*** DATASET RECORDS Section Begins ***

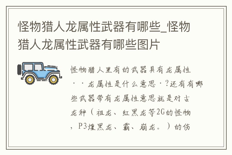 武器帶有龍屬性意思就是對古龍種(祖龍、紅黑龍等2G的怪物,P3煌黑龍、霸、崩龍。)的傷害有另外的增加。即付加龍屬性傷害。前提是被打那個怪物是古龍種。(煌黑龍、崩霸龍等都是。)怪物哪些攻擊帶有龍屬性:常見的:p3。
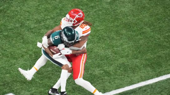 Chiefs safety Justin Reid tackles Eagles wide receiver DeVonta Smith during Super Bowl LIX in the Superdome.
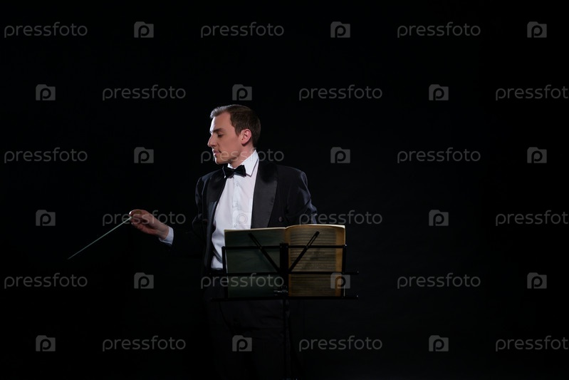 Дирижер оркестра в черном смокинге в темной студии
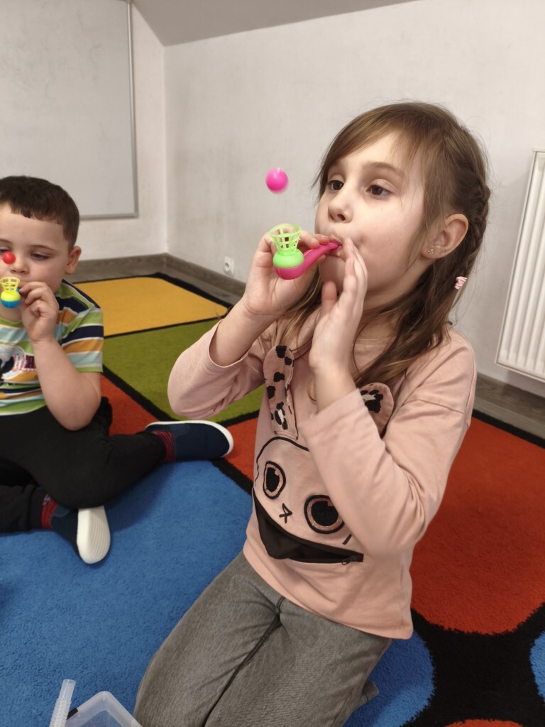 Wiek przedszkolny jest okresem największego rozwoju mowy dziecka ,to w nim najlepiej rozwijać mowę dziecka jak i usuwać wszelkie nieprawidłowości.Przedszkolaki systematycznie uczestniczą w zajęciach logopedycznych. Mają one charakter profilaktyki logopedycznej oraz grupową terapię zaburzeń mowy. Zajęcia to gry i zabawy logopedyczne oraz logorytmiczne, dostosowane do potrzeb i możliwości dziecka, aktywizujące proces mowy, przyczyniając się do rozwoju społecznego.
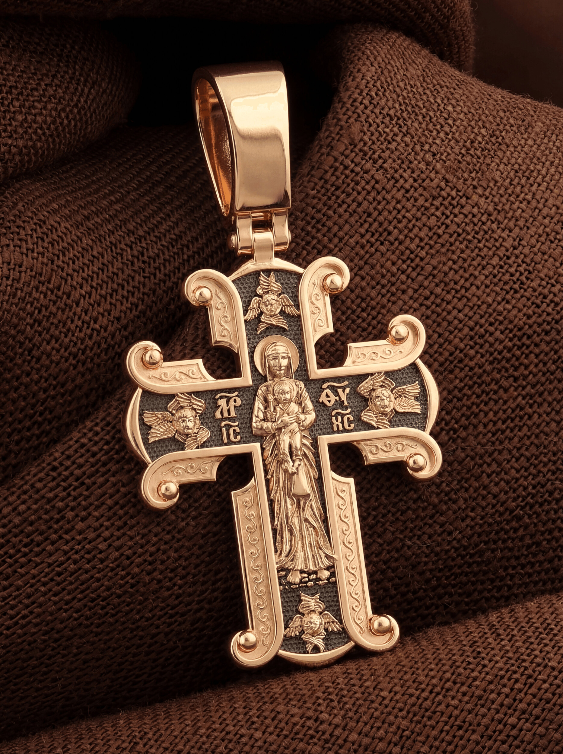 На лицевой стороне необычной формы нательного креста мы видим распятие Господне. Сам крест украшен плетением полурастительной тематики и золотым ободком, заканчивающимся завитками. На ухе с лицевой стороны надпись — Царь Славы. Под ней — шестикрылый огненный серафим, и буквы «IНЦI», означающие Иисус Назорей Царь Иудейский. С обеих сторон горизонтальной перекладины надписи — монограмма святого имени Христа — «ИС ХС», а под ней — «НИКА» (Победитель) и «Сын Божий». В подножии мы видим изображенную гору Голгофу в виде скалистой горки с Главой Адамовой в пещере.
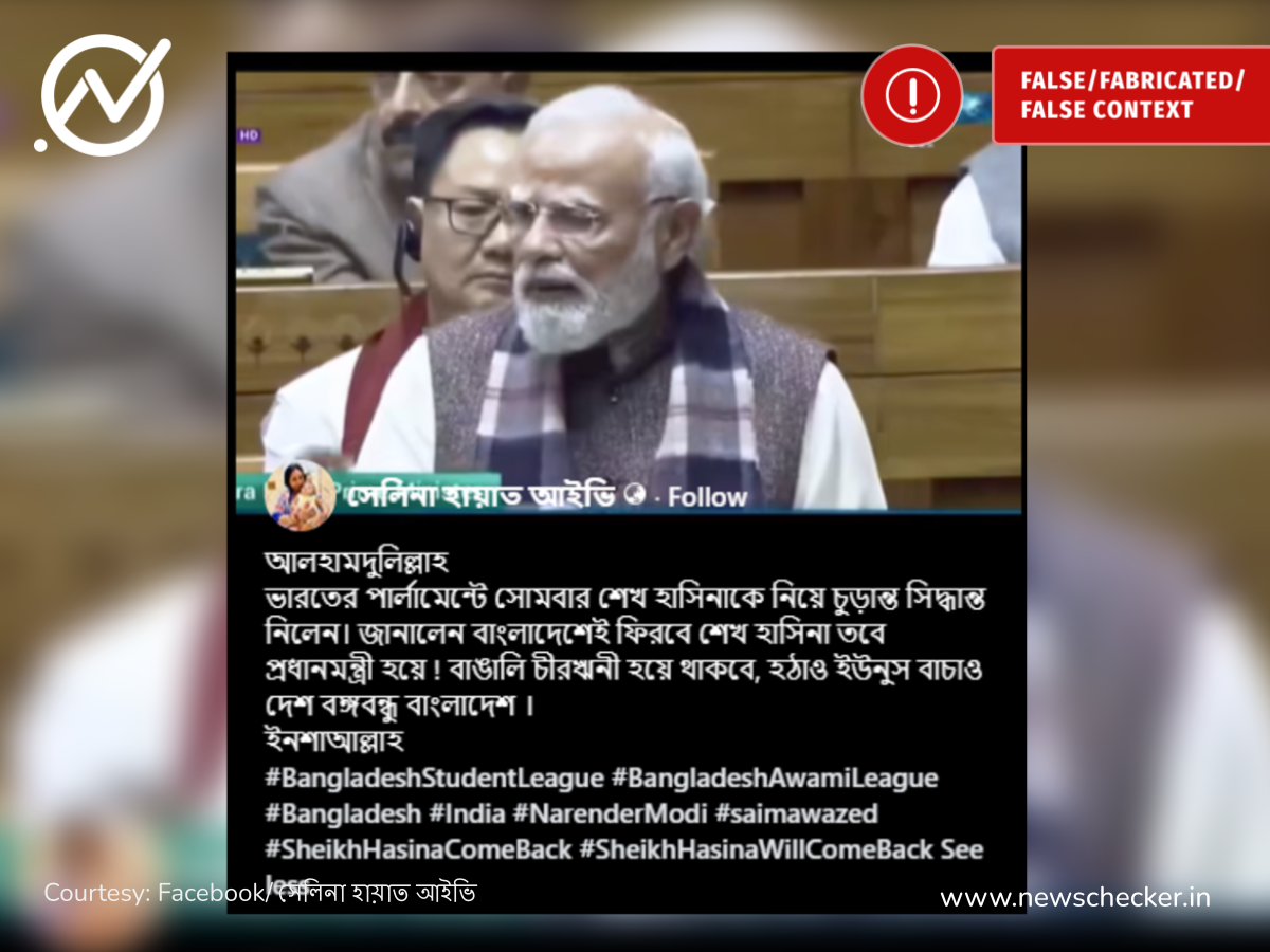 ভাইরাল দাবিটি ভুয়ো এবং শেখ হাসিনার দেশে ফেরা নিয়ে সংসাদে কোনও মন্তব্য করেননি প্রধানমন্ত্রী নরেন্দ্র মোদী।

*** DATASET RECORDS Section Ends ***

_WHAT IS EXPECTED_
Would you transcribe each of the entries exactly, skipping the pictures?

_SOLUTION TO THIS PROBLEM_
 武器帶有龍屬性意思就是對古龍種(祖龍、紅黑龍等2G的怪物,P3煌黑龍、霸、崩龍。)的傷害有另外的增加。即付加龍屬性傷害。前提是被打那個怪物是古龍種。(煌黑龍、崩霸龍等都是。)怪物哪些攻擊帶有龍屬性:常見的:p3。
 Chiefs safety Justin Reid tackles Eagles wide receiver DeVonta Smith during Super Bowl LIX in the Superdome.
 Дирижер оркестра в черном смокинге в темной студии
 Wiek przedszkolny jest okresem największego rozwoju mowy dziecka ,to w nim najlepiej rozwijać mowę dziecka jak i usuwać wszelkie nieprawidłowości.Przedszkolaki systematycznie uczestniczą w zajęciach logopedycznych. Mają one charakter profilaktyki logopedycznej oraz grupową terapię zaburzeń mowy. Zajęcia to gry i zabawy logopedyczne oraz logorytmiczne, dostosowane do potrzeb i możliwości dziecka, aktywizujące proces mowy, przyczyniając się do rozwoju społecznego.
 На лицевой стороне необычной формы нательного креста мы видим распятие Господне. Сам крест украшен плетением полурастительной тематики и золотым ободком, заканчивающимся завитками. На ухе с лицевой стороны надпись — Царь Славы. Под ней — шестикрылый огненный серафим, и буквы «IНЦI», означающие Иисус Назорей Царь Иудейский. С обеих сторон горизонтальной перекладины надписи — монограмма святого имени Христа — «ИС ХС», а под ней — «НИКА» (Победитель) и «Сын Божий». В подножии мы видим изображенную гору Голгофу в виде скалистой горки с Главой Адамовой в пещере.
 ভাইরাল দাবিটি ভুয়ো এবং শেখ হাসিনার দেশে ফেরা নিয়ে সংসাদে কোনও মন্তব্য করেননি প্রধানমন্ত্রী নরেন্দ্র মোদী।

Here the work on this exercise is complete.